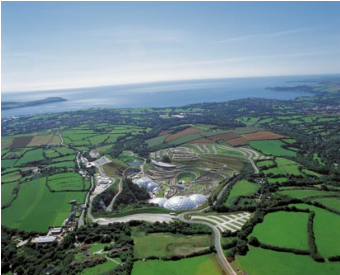
Eedeni projekti panoraamvaade St Austelli lähedal.

Cornwalli ja Scilly saarte regioon kui sihtala 1 raames abisaaja aastatel 2000–2006 ja konvergenksi sihtala raames abikõlblik aastateks 2007–2013 elab üle tõelist sotsiaalmajanduslikku taassündi. Kriisiseisundis, peamiselt oma põhiressurssidest ja turismist sõltuvast maapiirkonnast on Inglismaa „Finistere” teostamas üleminekut teadmispõhisele majandusele, teadvustades avatuse, mitmekesisuse, innovaatika ja kvaliteedi väärtusi.
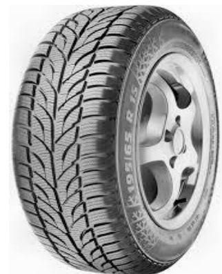
PAXARO 4x4 WINTER
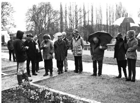
La journée-formation du avril 2008 sur les plantes couvre-sol a connu un tel succès que nous avons dû programmer à nouveau une session quinze jours plus tard
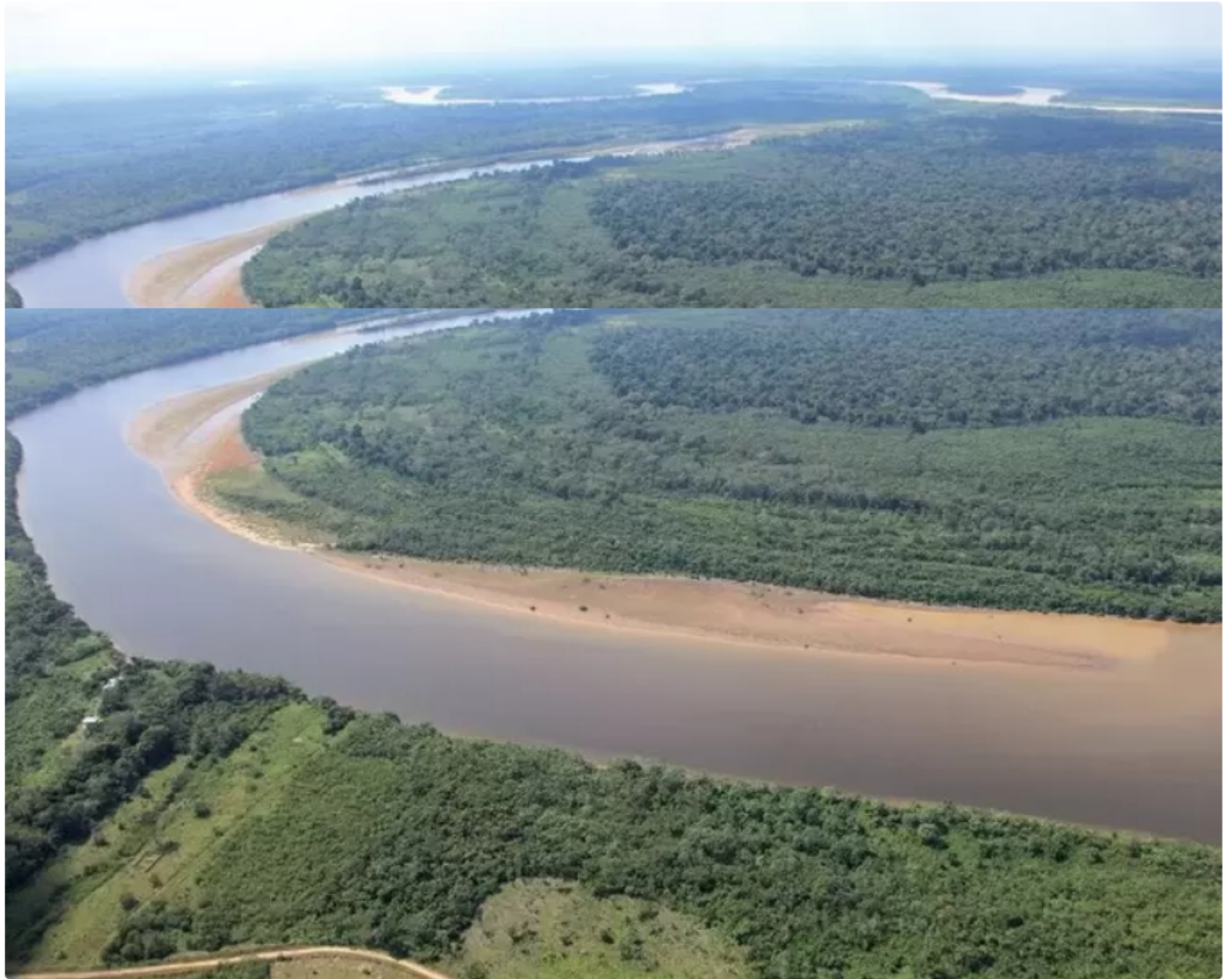
Alcaldía San José del Guaviare

E n el marco de los diálogos sobre las implicaciones que tiene la adopción de un nuevo Marco Mundial para la Biodiversidad , diferentes actores proponen trabajar por la Orinoquía para cumplir las metas en biodiversidad que tiene Colombia.
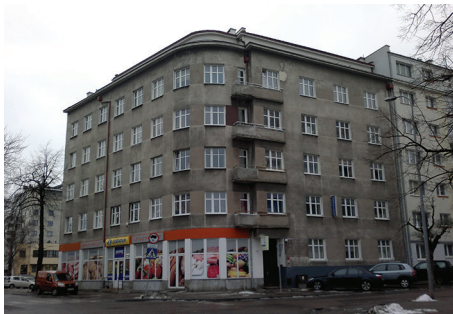
Widok kamienicy przed remontem.
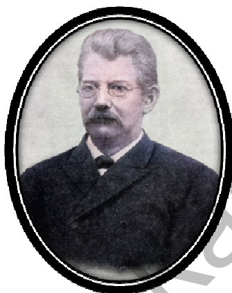
Рис. 14. В.В. Радлов (1837 – 1918)
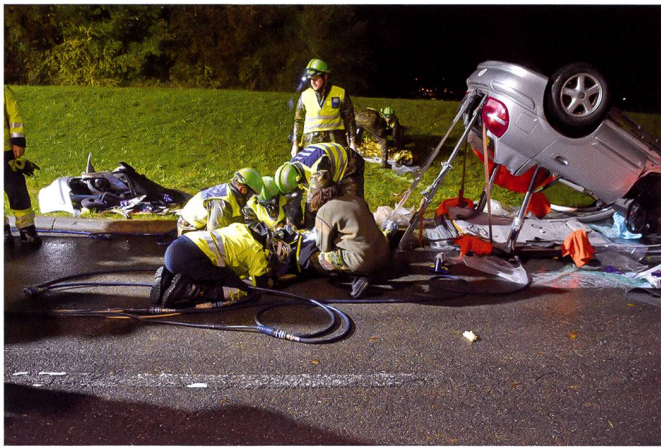
Exercice de sauvetage.

Payerne. Le scénario était une attaque d'un déséquilibré dans la zone de jeux des enfants. Quelques enfants de mon village venus prêter main-forte pour la simulation de cet exercice.
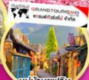
หมู่บ้านยูฟูอิน พลอร์ริลา
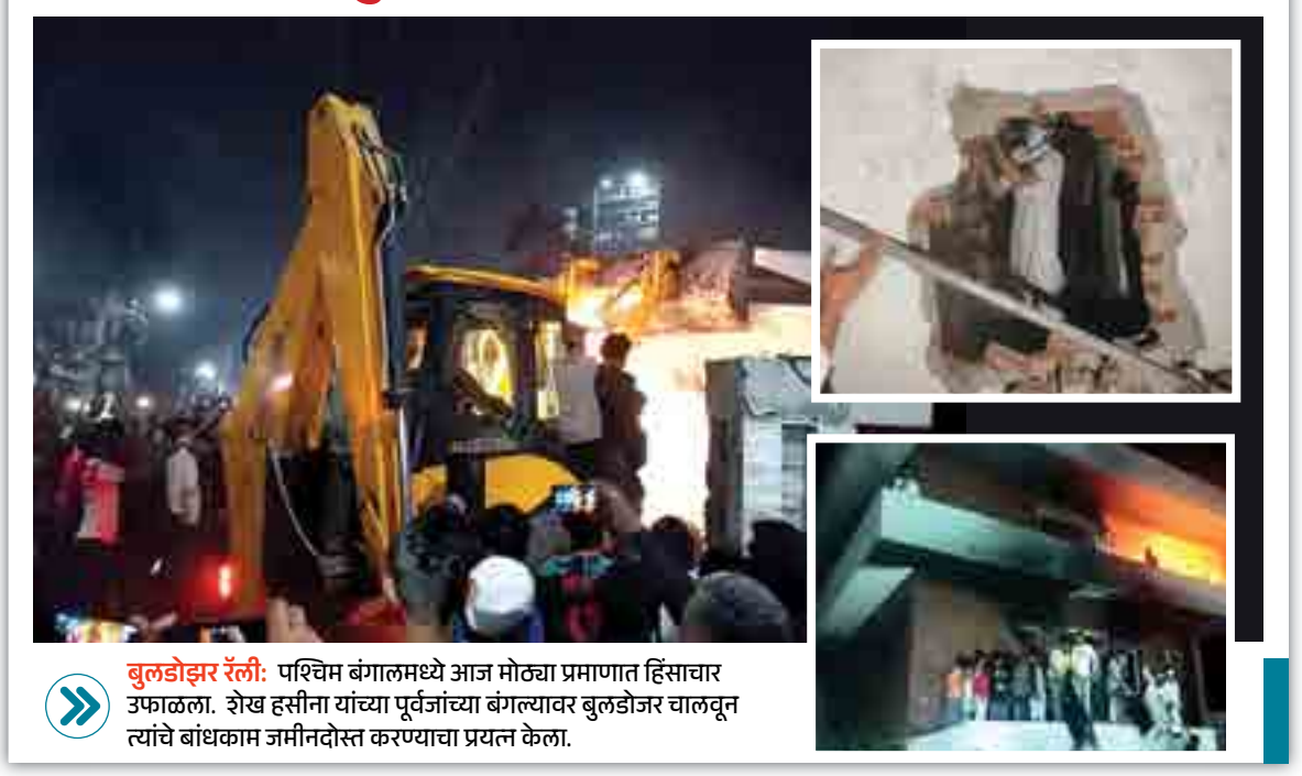
बुलडोझर रॅली: पश्चिम बंगालमध्ये आज मोठ्या प्रमाणात हिंसाचार उफाळला. शेख हसीना यांच्या पूर्वजांच्या बंगल्यावर बुलडोझर चालवून त्यांचे बांधकाम जमीनदोस्त करण्याचा प्रयत्न केला.
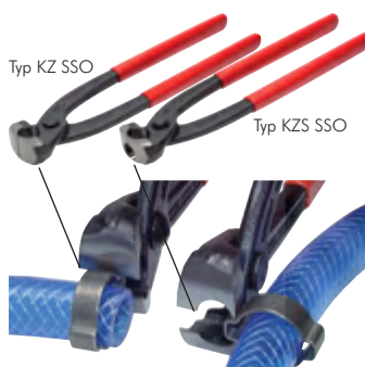
Typ KZ SSO
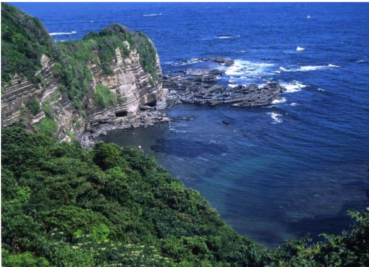
川津の矢の浦の透明度の高い海
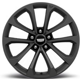
Aluminium-Schmiedefelgen der V-Series, 18 x 9,0 Zoll vorn, 18 x 9,5 Zoll hinten, mit dunkler After-Midnight-Lackierung
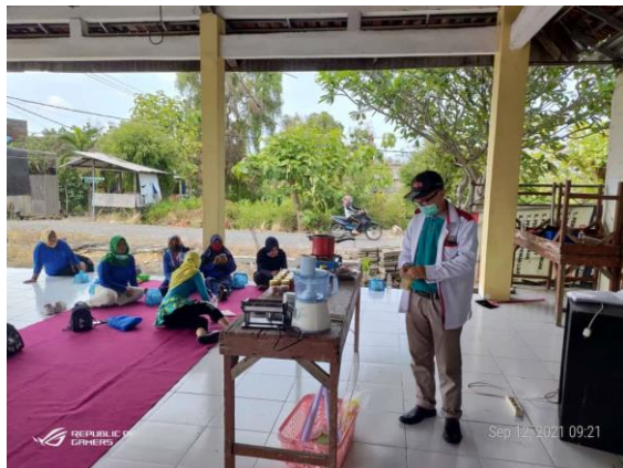
Gambar 5. Ceramah Interaktif

Peserta pelatihan dapat bertanya jawab di sela-sela tim menyampaikan seluk beluk pengolahan cabe dan berbagai variasinya. Bertanya jawab seputar pengalaman yang pernah dilakukan, contoh-contoh yang ada dan kemungkinan variasi-variasinya. Produk olahan yang ada dalam berbagai macam kuliner yang memakai bahan cabe.
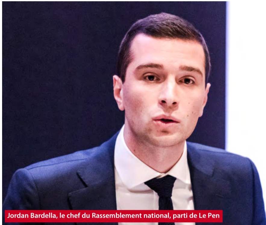
Jordan Bardella, le chef du Rassemblement national, parti de Le Pen
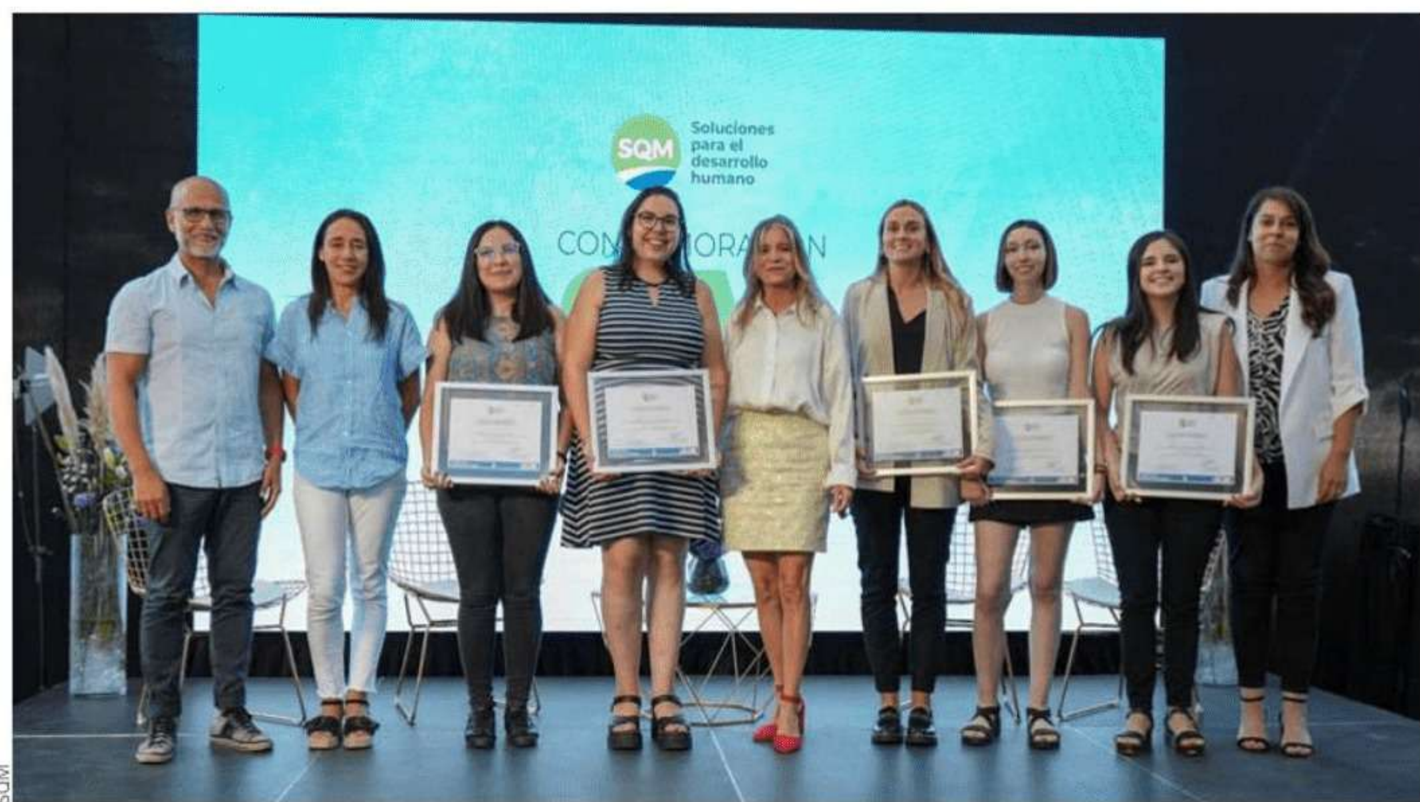
SQM certificó a 15 jóvenes que desarrollaron el Programa de Vinculación Laboral Mentoring.

Con una serie de actividades, la compañía conmemoró el Mes de la Mujer con el programa “8M: Vamos por + mujeres en minería” que se desarrolló en Santiago, Iquique, Antofagasta y María Elena, entre otras localidades.
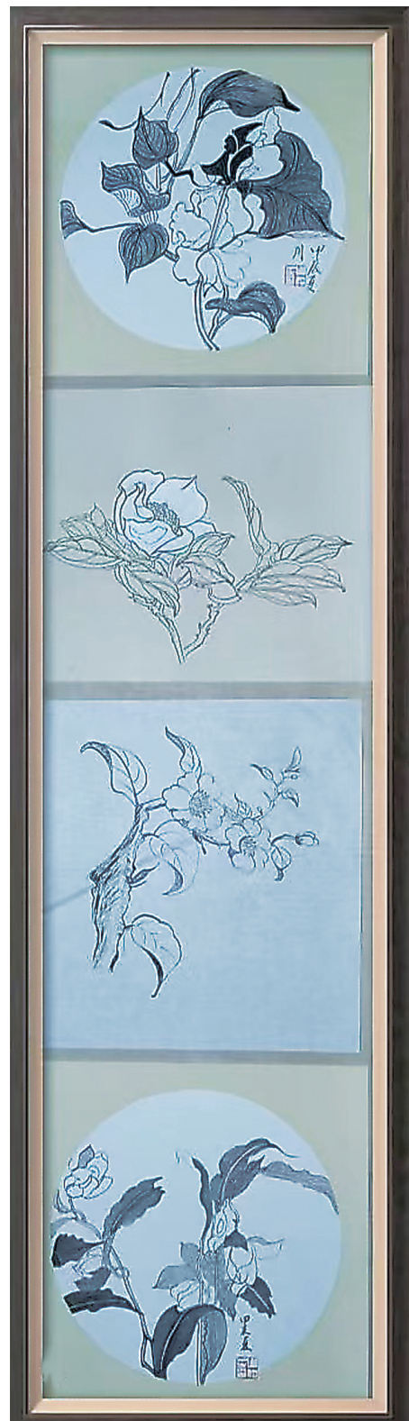
线描《花卉四幅》（周仲芝）

YOUR OBJECTIVE: When you reach the line that contains "川津の矢の浦の透明度の高い海", start reproducing, and continue word for word to the end of the records; skip all pictures.

TASK RESULT:
川津の矢の浦の透明度の高い海
Aluminium-Schmiedefelgen der V-Series, 18 x 9,0 Zoll vorn, 18 x 9,5 Zoll hinten, mit dunkler After-Midnight-Lackierung
Gambar 5. Ceramah Interaktif

Peserta pelatihan dapat bertanya jawab di sela-sela tim menyampaikan seluk beluk pengolahan cabe dan berbagai variasinya. Bertanya jawab seputar pengalaman yang pernah dilakukan, contoh-contoh yang ada dan kemungkinan variasi-variasinya. Produk olahan yang ada dalam berbagai macam kuliner yang memakai bahan cabe.
Jordan Bardella, le chef du Rassemblement national, parti de Le Pen
SQM certificó a 15 jóvenes que desarrollaron el Programa de Vinculación Laboral Mentoring.

Con una serie de actividades, la compañía conmemoró el Mes de la Mujer con el programa “8M: Vamos por + mujeres en minería” que se desarrolló en Santiago, Iquique, Antofagasta y María Elena, entre otras localidades.
线描《花卉四幅》（周仲芝）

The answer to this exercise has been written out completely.